Standard Electrode Potentials (AQA A Level Chemistry)

Standard Electrode Potentials

Standard electrode potential

• The position of equilibrium and therefore the electrode potential depends on factors such as:

  • Temperature

  • Pressure of gases

  • Concentration of reagents

• So, to be able to compare the electrode potentials of different species, they all have to be measured against a common reference or standard

• Standard conditions also have to be used when comparing electrode potentials

• These standard conditions are:

  • Ion concentration of 1.00 mol dm^-3

  • A temperature of 298 K

  • A pressure of 100 kPa

• Standard measurements are made using a high resistance voltmeter so that no current flows and the maximum potential difference is achieved

• The electrode potentials are measured relative to a standard hydrogen electrode

• The standard hydrogen electrode is given a value of 0.00 V, and all other electrode potentials are compared to this standard

• This means that the electrode potentials are always referred to as a standard electrode potential (E^ꝋ)

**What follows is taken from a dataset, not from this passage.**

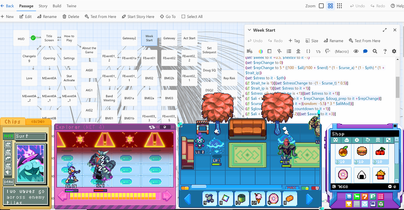 The game itself is an autoplaying RPG modeled heavily on the Mega Man Battle Network series. The player drops the BIT - the main character - in one of several areas in the explorer frame, where the character will fight through a dungeon with minimal to no direct input. A second frame houses the simulation element. The player can keep a certain number of supporting characters, including robots that periodically yield resources and programs that, as long as they are fed and cared for, allow the BIT to perform special attacks.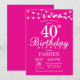 Invitación a la cena de cumpleaños número 40 con String Lights. Fondo rosado caliente. Mujeres Dama Elegante Día Moderno. 13.º 15.º 16.º 18.º 20.21.30.40.50.60.70.80.90.100, cualquier edad. Para una mayor personalización, haga clic en el botón "Personalizar" y utilice nuestra herramienta de diseño para modificar esta plantilla.

• The standard electrode potential (E^ꝋ) is the potential difference ( sometimes called voltage) produced when a standard half-cell is connected to a standard hydrogen cell under standard conditions

• For example, the standard electrode potential of bromine suggests that relative to the hydrogen half-cell it is more likely to get reduced, as it has a more positive E^ꝋ value

Br₂(l) + 2e^– ⇌ 2Br^–(aq)        E^ꝋ = +1.09 V          

2H⁺(aq) + 2e^– ⇌ H₂(g)        E^ꝋ = 0.00 V

• The standard electrode potential of sodium, on the other hand, suggests that relative to the hydrogen half-cell it is less likely to get reduced as it has a more negative E^ꝋ value

Na⁺ (aq) + e^– ⇌ Na(s)        E^ꝋ = -2.71 V

2H⁺ (aq) + 2e^– ⇌ H₂(g)        E^ꝋ = 0.00 V

Standard Hydrogen Electrode

• The standard hydrogen electrode is a half-cell used as a reference electrode and consists of:

  • Hydrogen gas in equilibrium with H⁺ ions of concentration 1.00 mol dm^-3 (at 100 kPa)

2H⁺ (aq) + 2e^- ⇌ H₂ (g)

• An inert platinum electrode that is in contact with the hydrogen gas and H⁺ ions

• When the standard hydrogen electrode is connected to another half-cell, the standard electrode potential of that half-cell can be read off a high resistance voltmeter

The standard electrode potential of a half-cell can be determined by connecting it to a standard hydrogen electrode

• There are three different types of half-cells that can be connected to a standard hydrogen electrode

  • A metal / metal ion half-cell

  • A non-metal / non-metal ion half-cell

  • An ion / ion half-cell (the ions are in different oxidation states)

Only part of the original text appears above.